Here I am in bed with my laptop having a Camden evening that doesn’t make the news. I’m thinking how happy I am that my second eye surgery (cataract surgeries, left and right) seems to be as successful as the first. I do have another appointment to make the final judgment, but so far, I can only say WOW! You may not believe that a city girl/old lady like me would have been nervous, but I was. Vision is important–I couldn’t help but worry what happened if something went wrong? How about an earthquake during the surgery?
It’s raining outside and the wind is making my window rattle. This evening photo wasn’t taken today–I did not dare to drive only twenty-four hours after surgery, but I took the photo a few days ago at 36th and River Road in Cramer Hill. A tractor trailer, maybe coming from Petty’s Island, was turning slowly and I had a chance to snap that beautiful Camden sky.

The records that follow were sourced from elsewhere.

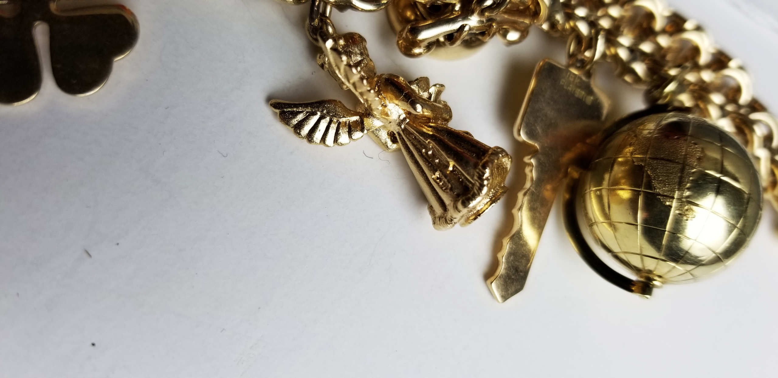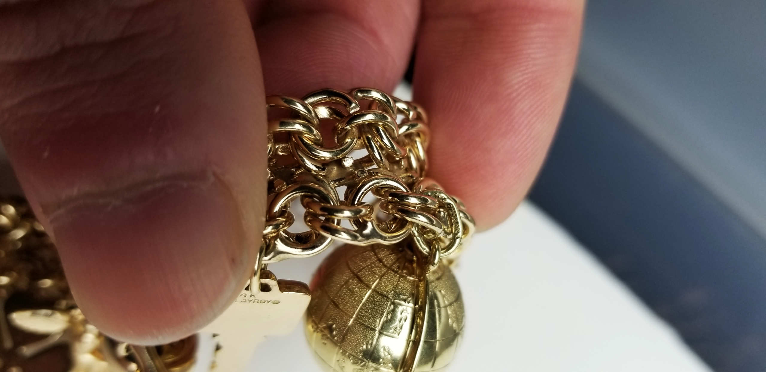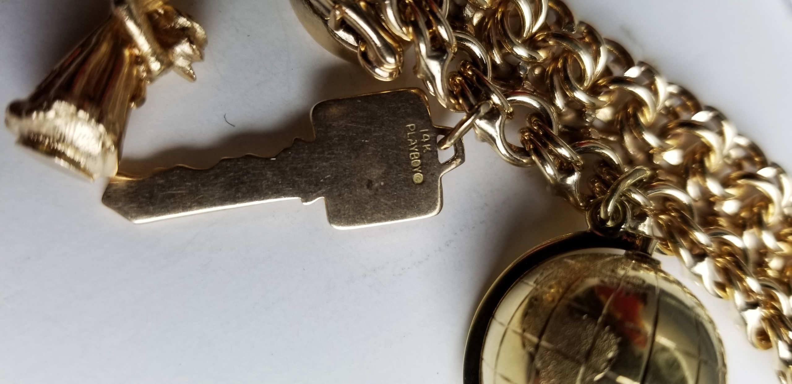 Bracelet with seven charms: globe, “Playboy Bunny” key, dial telephone, angel “June”, four-leaf clover “13”, San Francisco trolley car “Powell & Hyde”, and American flag, 7 3/4″ l, 85.23 G Total Wt, 2.609 oz t, 54.80 DWT.
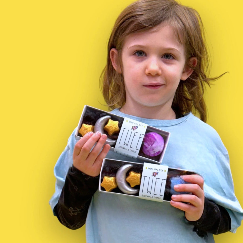 Snag a mini-version of our complete solar system, Mason's Planets, with a little added twinkle of two hand-painted gold stars and a silver crescent moon! Our TWEE Mini Galaxy handmade sidewalk chalk provides young astronomers the opportunity to explore the solar system through fun and imaginative play!
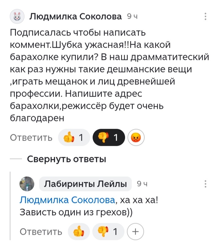 Привет, друзья! Тут как-то не так давно я писала о том, что купила новую шубку из норки=> Много различных мнений эта публикация вызвала, в том числе и вот это мне написали 😁😁😁 На самом то деле шубка очень милая и у всех вызывает только восторг и положительные эмоции, когда меня в ней видят, я писала уже об этом вот тут=> Хочется отметить, что это не единственная "теплая" вещь в моем гардеробе, у меня есть много одежды на разные случаи жизни, эта же шубка больше для походов в театр или на другие мероприятий подходит. Моя знакомая тут на днях спросила меня теплая ли эта шубка и подойдёт ли она для суровой зимы, для морозов. Я ответила, что эта вещь больше для "выпендрежа" подходит, когда хочешь именно покрасоваться, это одежда не на каждый день, не для стояния на остановке в мороз и не для похода на рынок за картошкой , это же явно заметно . В такой верхней одежде надо что бы тебя привезли на машине до места событий, высадили, и ты стуча каблучками, прошлась, немного пок
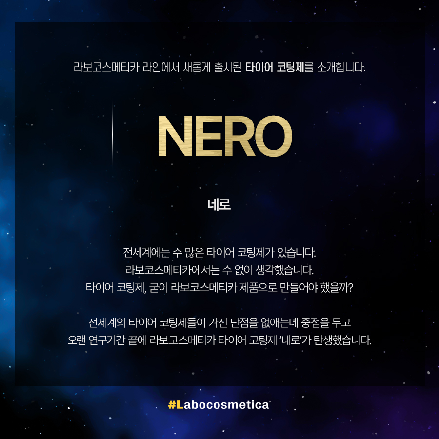 | 1. 품목 및 제품명 | 라보코스메티카 네로 코팅제품 > 광택코팅제 > 자동차용 (외부용) 코팅제품 > 특수목적코팅제 > 자동차용 (외부용) |
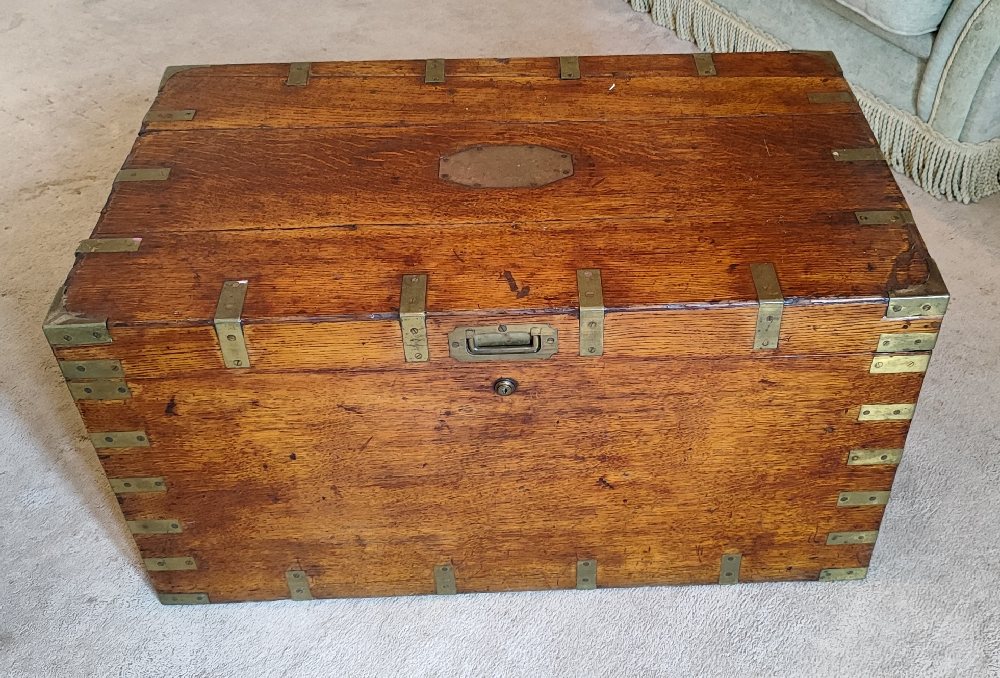 Mid 19th C. oak marine chest by W BENSON, London, with brass corners, 86 x 50 x 45cm

Along with my good news about my eyes, I have another little piece of joy–a new book came in today’s mail. I thought that I ordered it on Kindle, but, I accidentally ordered it in paperback. That’s fine. I love a REAL book–paper pages–ahh. However, it saves space to have books on Kindle. But, I am looking through this book and am enjoying this happy mistake.
Why We Write About Ourselves, Twenty Memoirists on Why They Expose Themselves (and Others) in the Name of Literature, edited by Meredith Maran, will be the book that I’ll read this week. I skimmed the pieces and I found honest answers about why people write memoirs. Many favorite writers of mine (Anne Lamott, James McBride, Pat Conroy, Edwidge Danicat, Dani Shapiro) appear here. I see other authors that I will read and perhaps I’ll jump into their memoirs, too.

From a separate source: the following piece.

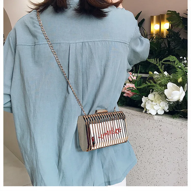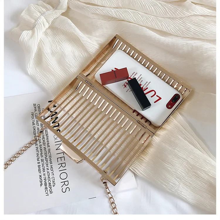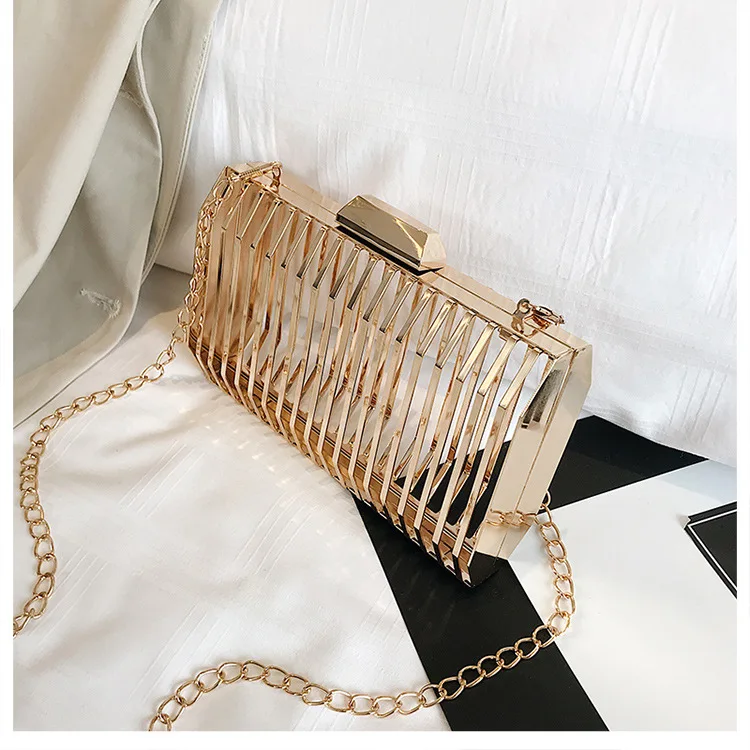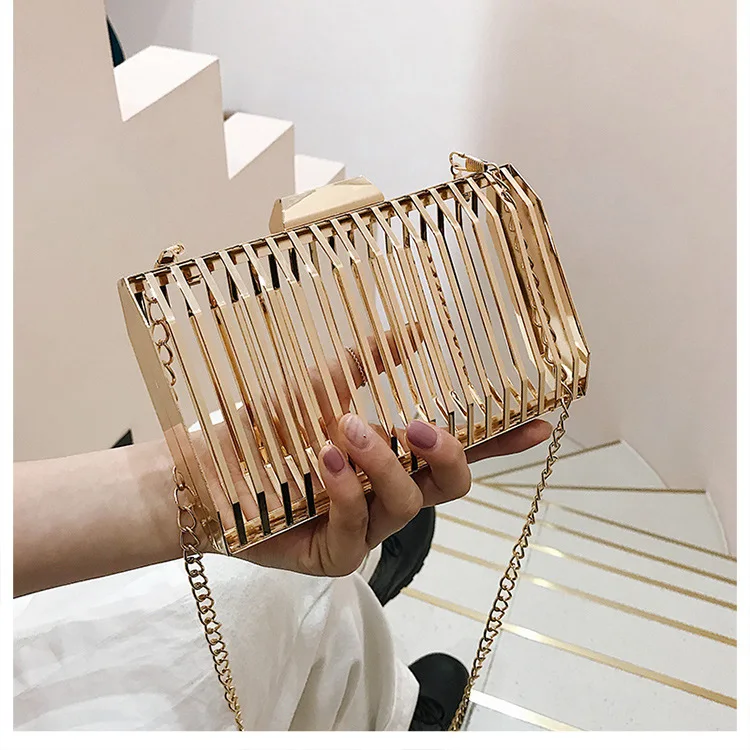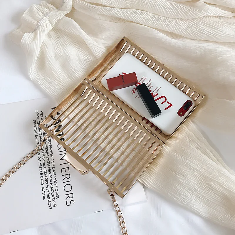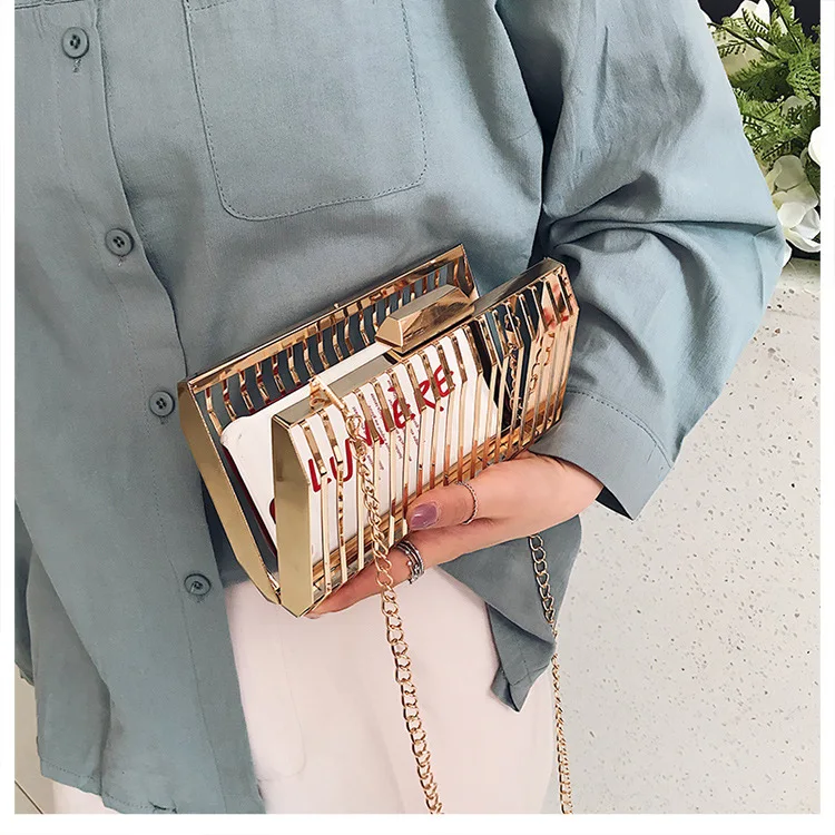 Женская вечерняя сумка-клатч с металлической полой цепочкой, вечерние сумки-мессенджеры через плечо, уникальный дизайн

How about you? Have you ever thought about writing your memoir? If so, I bet you’d enjoy this book. By the way, I don’t know the editor and I found this book by chance on Amazon. No kickbacks.

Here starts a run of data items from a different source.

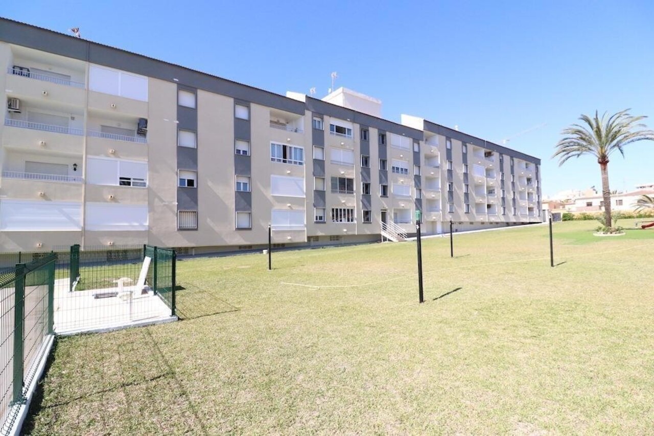 We presents at the Costa Blanca Alicante an apartment with side sea view only 100m from the beach! Close to the city Torrevieja and 10min from comercial center La Zenia With  2bedrooms, kitchen independent, spacious livingroom, a bathroom and a terrace! The residence haves a big swimming pool, green zones and children play area! Walking distance to restaurants, bars and supermarket!
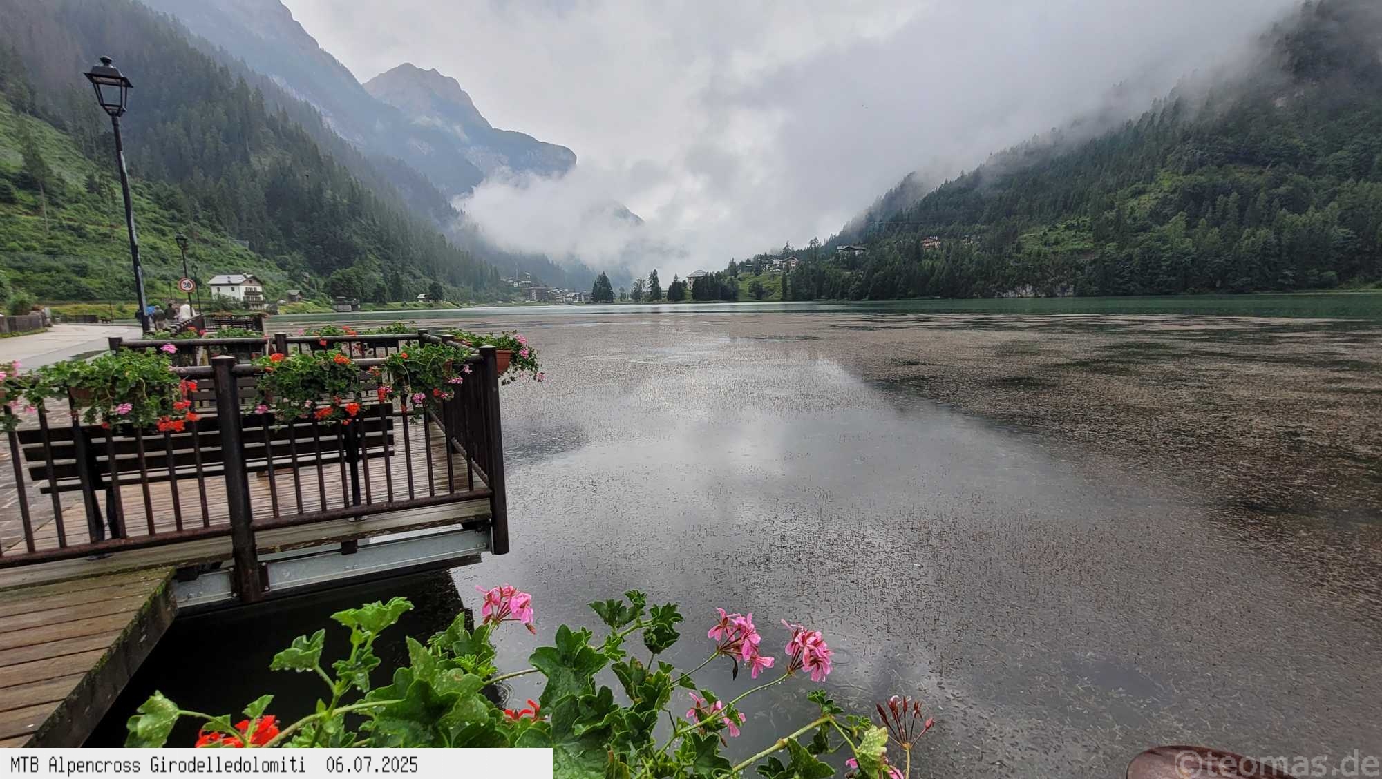 Gegen 14:30 Uhr an der Padon Hütte bereits im Regen ankommend entschied ich mich für die Abkürzung der Strecke direkt zum Fedaia See hinunter zur
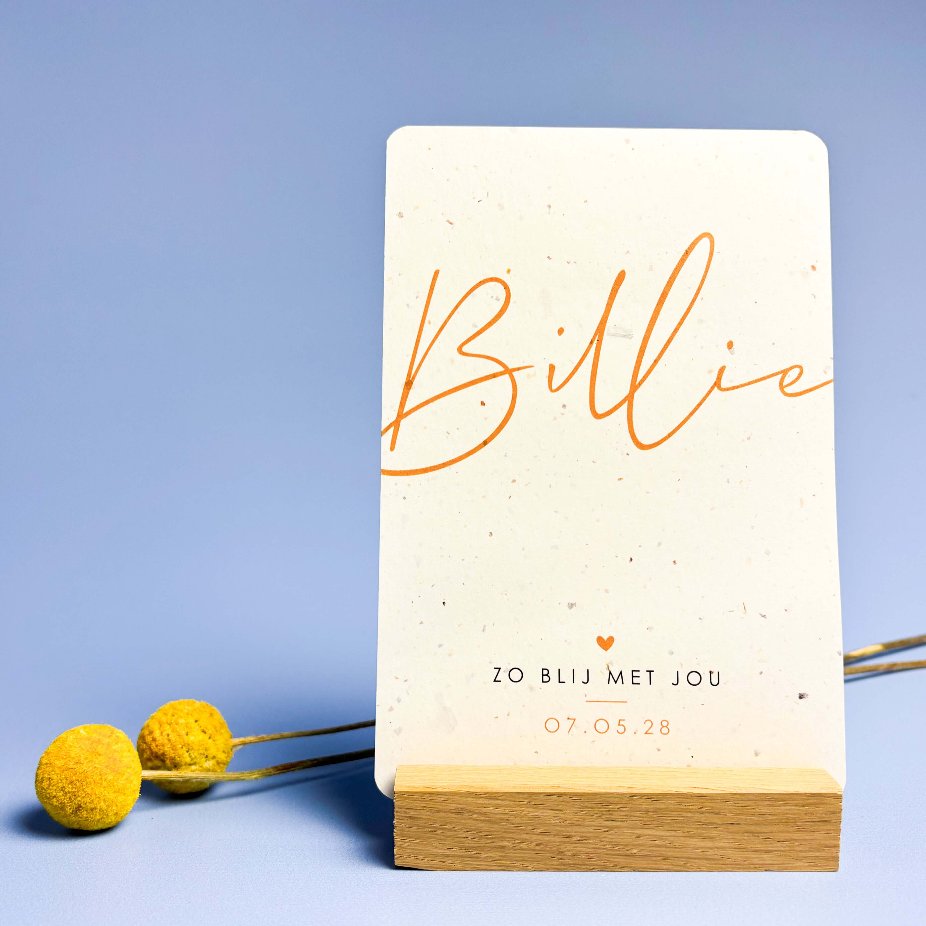 Eenvoudig maar stijlvol geboortekaartje voor de geboorte van je baby. De naam wordt in sierlijke letters geschreven en onderin staat een klein hartje met geboorte details.
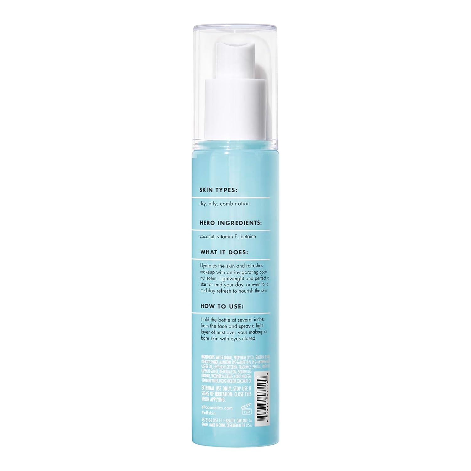 - LIGHT & REFRESHING: The e.l.f. Hydrating Coconut Mist is a lightweight, hydrating facial mist that moisturizes the skin and refreshes makeup.

I’m going to rest my eye–poor dear–it’s been through surgery and it’s on a regime of eyedrops now. I’ll read more tomorrow. I’ll close my eyes and think about this piece of advice from Anne Lamott: “Everything that has happened to you is all yours. Just write it. You can worry about the legal issues and the next bad holiday dinner later. Tell the story that’s in you to tell.”
Good night, dear Readers,
Marguerite (Wunsch) Ferra
Cramer Hill Resident
PS Are YOU thinking of writing about YOUR life?